Applicability Study of Computed Radiography to NDE for Piping and Component in Nuclear Power Plant

In Radiography Testing (RT) that is an important nondestructive testing as the quality control, the digital imaging technology rapidly provides advancement. The digital imaging technology is more effective than the film method on an environmental side and the cost side, such as unnecessary of the film storage and a chemical treatment by digital output. Especially, in the medical field, the advancement by the digitalized image data processing is remarkable, and it is attempted the upgrade of the inspection technology. However, RT that uses the high-energy radiation and the fast film is a main current in an industrial field, and it has not arrived at digitalization yet. Therefore, in an industrial RT, digitalization is expected and the examination standardization is required also in ASME, JSME, and JIS. We, Mitsubishi Heavy Industries (MHI), studied an applicability of Computed Radiography (CR) to Non-Destructive Examination (NDE) for welds of piping and thick wall component in nuclear power plant. At first, MHI researched image quality of CR for piping.
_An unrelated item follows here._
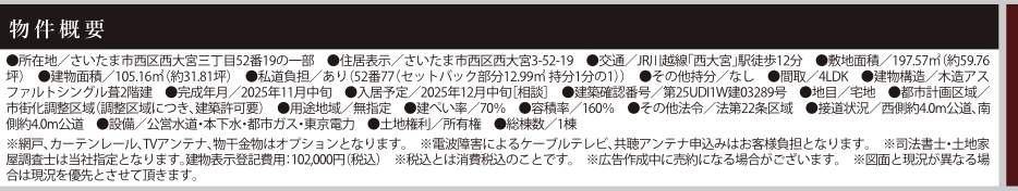 | 所在地 | 埼玉県さいたま市西区西大宮3丁目52-19 新築戸建 仲介手数料無料 5699万円 更にお祝金最大20万円プレゼント付 西大宮駅歩12分 |

In this research, it was confirmed that the images of testing results by CR method are equivalent to that by film method in terms of visibility of IQI (Image Quality Indicator) and detection performance of welding defects. And we founded the optimized shooting conditions for piping. Second, MHI researched image quality of CR for thick wall component. In the result, the noise shown in fig.1 was occurred on CR image when the thick wall component such as pressure vessel is radiographed with high energy. It is speculated that the primary cause of this noise is the scattered X-ray effect (shown in fig.2). Therefore it is necessary to investigate the effect of the scattered X-ray on CR image. In this study, to reduce the scattered X-ray effect on CR image, we investigated the effect of 1) screen, 2) screen + filter on image quality of CR for thick wall component. And we studied the optimized shooting conditions and parameters for thicker component than piping to aim for more application. Finally, we applied CR to the pipings and components for nuclear power plant with the optimized shooting conditions and parameters.